*YOUR GOAL:* Please reproduce the data exactly, excluding any pictures it contains.

*SUPPLIED DATA:*
⁂

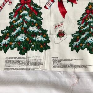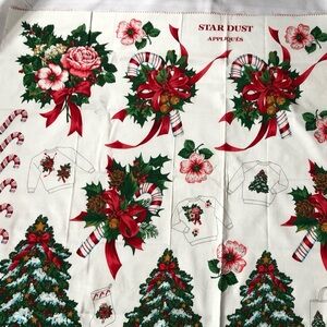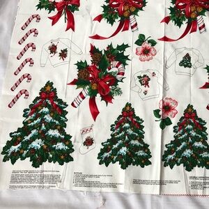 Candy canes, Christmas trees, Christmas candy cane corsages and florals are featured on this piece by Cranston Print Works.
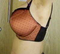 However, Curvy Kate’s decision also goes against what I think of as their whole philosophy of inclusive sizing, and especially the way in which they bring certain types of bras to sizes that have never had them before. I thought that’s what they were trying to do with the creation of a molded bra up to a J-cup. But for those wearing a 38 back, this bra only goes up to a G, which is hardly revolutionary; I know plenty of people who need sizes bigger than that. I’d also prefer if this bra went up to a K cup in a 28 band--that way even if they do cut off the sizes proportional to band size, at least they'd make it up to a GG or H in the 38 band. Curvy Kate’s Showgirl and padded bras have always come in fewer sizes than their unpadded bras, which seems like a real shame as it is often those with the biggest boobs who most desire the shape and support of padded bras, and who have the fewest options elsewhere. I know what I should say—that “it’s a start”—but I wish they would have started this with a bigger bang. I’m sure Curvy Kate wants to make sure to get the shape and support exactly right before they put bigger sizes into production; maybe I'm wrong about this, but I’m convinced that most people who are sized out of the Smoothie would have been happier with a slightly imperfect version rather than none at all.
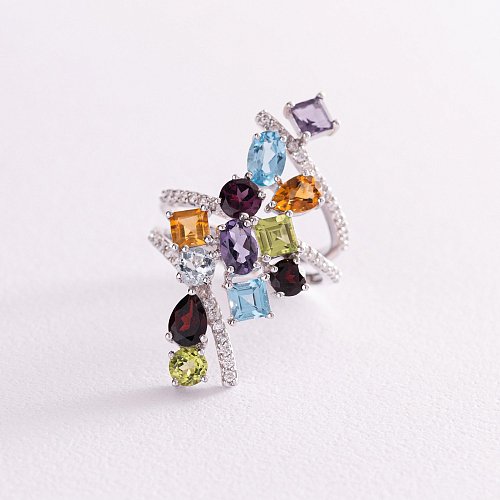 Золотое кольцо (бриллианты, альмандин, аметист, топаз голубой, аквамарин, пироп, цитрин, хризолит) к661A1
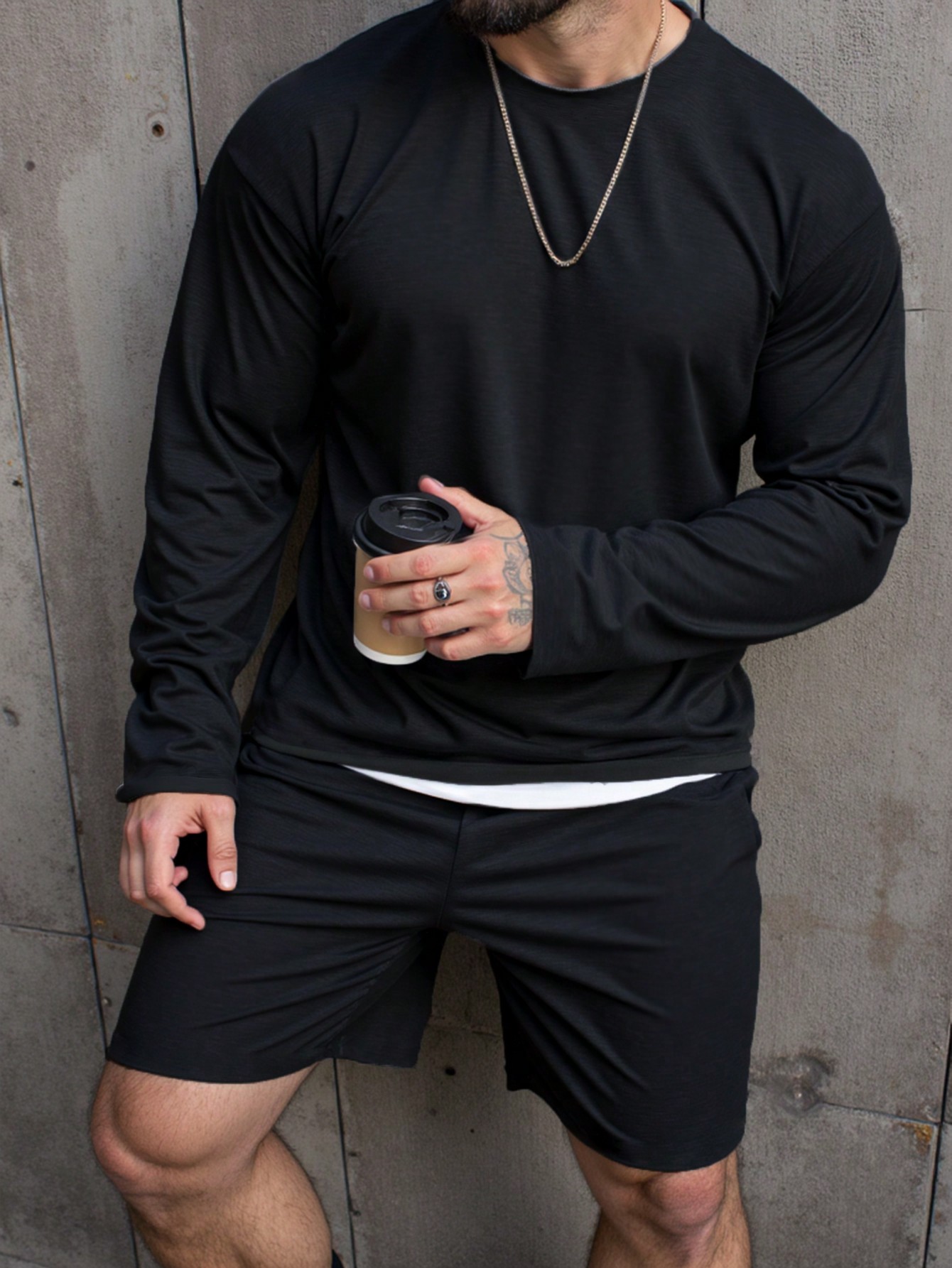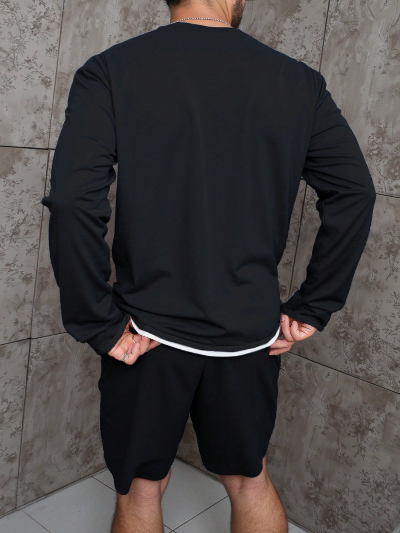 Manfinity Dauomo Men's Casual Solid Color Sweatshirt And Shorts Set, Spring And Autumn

⁂

*RESULT OF THE TASK:*
 Candy canes, Christmas trees, Christmas candy cane corsages and florals are featured on this piece by Cranston Print Works.
 However, Curvy Kate’s decision also goes against what I think of as their whole philosophy of inclusive sizing, and especially the way in which they bring certain types of bras to sizes that have never had them before. I thought that’s what they were trying to do with the creation of a molded bra up to a J-cup. But for those wearing a 38 back, this bra only goes up to a G, which is hardly revolutionary; I know plenty of people who need sizes bigger than that. I’d also prefer if this bra went up to a K cup in a 28 band--that way even if they do cut off the sizes proportional to band size, at least they'd make it up to a GG or H in the 38 band. Curvy Kate’s Showgirl and padded bras have always come in fewer sizes than their unpadded bras, which seems like a real shame as it is often those with the biggest boobs who most desire the shape and support of padded bras, and who have the fewest options elsewhere. I know what I should say—that “it’s a start”—but I wish they would have started this with a bigger bang. I’m sure Curvy Kate wants to make sure to get the shape and support exactly right before they put bigger sizes into production; maybe I'm wrong about this, but I’m convinced that most people who are sized out of the Smoothie would have been happier with a slightly imperfect version rather than none at all.
 Золотое кольцо (бриллианты, альмандин, аметист, топаз голубой, аквамарин, пироп, цитрин, хризолит) к661A1
 Manfinity Dauomo Men's Casual Solid Color Sweatshirt And Shorts Set, Spring And Autumn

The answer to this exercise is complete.